WORK ORDER:
Could you return every record below word for word, leaving out the pictures?
··· MATERIAL FOR THIS TASK
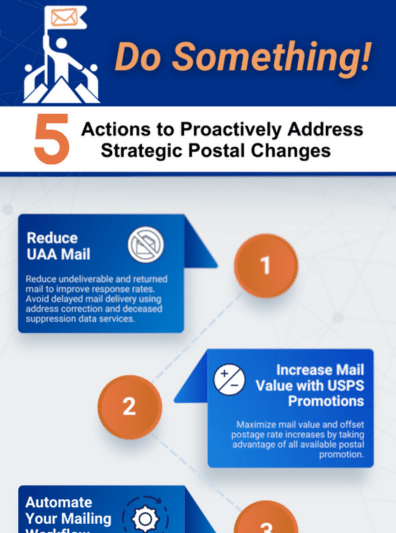 The USPS® is implementing bold changes as part of their Delivering For America (DFA) plan to transform for future growth and sustainability. We have created an easy-to-follow strategic plan that you and your mailing organization can use to Do Something! to proactively address these postal changes. Download our eBook today and learn the:
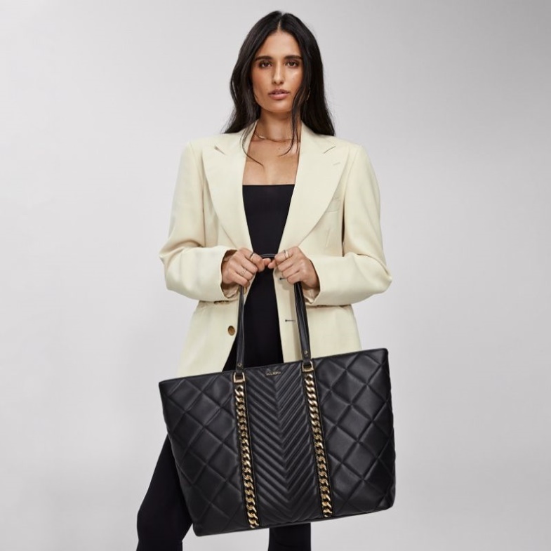Don't compromise on fashion (or function!) with this large quilted tote bag with striking chain detail.
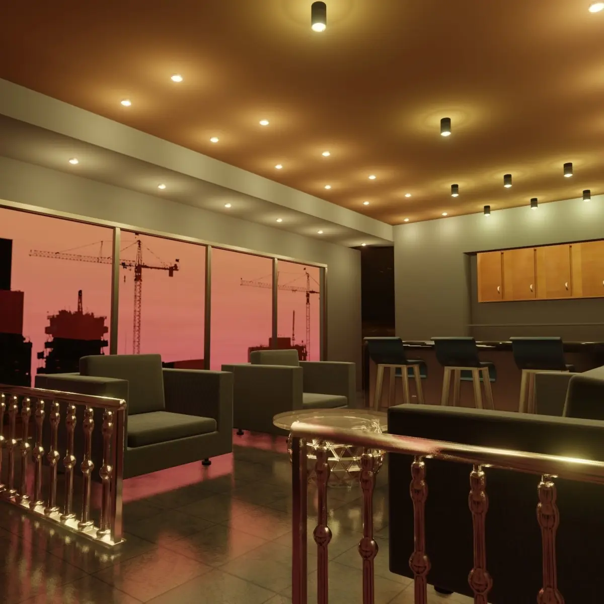 3d model reception interior. props: sofa set, table, chairs, glass windows etc. application:AR, VR, episodes.
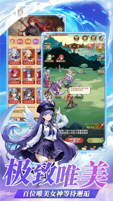 美术风格以唯美二次元为主,角色立绘精致,涵盖多种风格与主题的视觉设计。
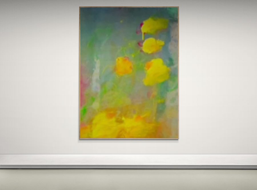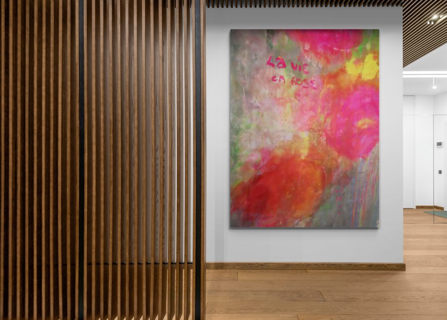 The work below by me, New Leaf, was inspired by Brian’s love of vertical colour waves. It sold to a lovely lady who said the banana yellows, and tropical lime greens reminded her of growing up in Fiji. Look how perfectly it went in her home. The word “love” added to the painting as I created it during Covid lockdowns and fear mongering, reminded my new collector of her mum who had passed away. Meant to be!
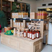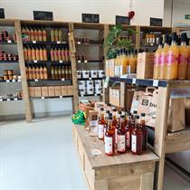 I gardsmatbutikken i Øystese sentrum får du kjøpt varer laga både av lokale og andre norske små og mellomstore produsentar. Her er det mellom anna tradisjonsbakst, fruktsaft, sider, syltetøy, honning, kjøt- og spekemat i hyllene.
······
OUTPUT FOR THIS EXERCISE:
 The USPS® is implementing bold changes as part of their Delivering For America (DFA) plan to transform for future growth and sustainability. We have created an easy-to-follow strategic plan that you and your mailing organization can use to Do Something! to proactively address these postal changes. Download our eBook today and learn the:
Don't compromise on fashion (or function!) with this large quilted tote bag with striking chain detail.
 3d model reception interior. props: sofa set, table, chairs, glass windows etc. application:AR, VR, episodes.
 美术风格以唯美二次元为主,角色立绘精致,涵盖多种风格与主题的视觉设计。
 The work below by me, New Leaf, was inspired by Brian’s love of vertical colour waves. It sold to a lovely lady who said the banana yellows, and tropical lime greens reminded her of growing up in Fiji. Look how perfectly it went in her home. The word “love” added to the painting as I created it during Covid lockdowns and fear mongering, reminded my new collector of her mum who had passed away. Meant to be!
 I gardsmatbutikken i Øystese sentrum får du kjøpt varer laga både av lokale og andre norske små og mellomstore produsentar. Her er det mellom anna tradisjonsbakst, fruktsaft, sider, syltetøy, honning, kjøt- og spekemat i hyllene.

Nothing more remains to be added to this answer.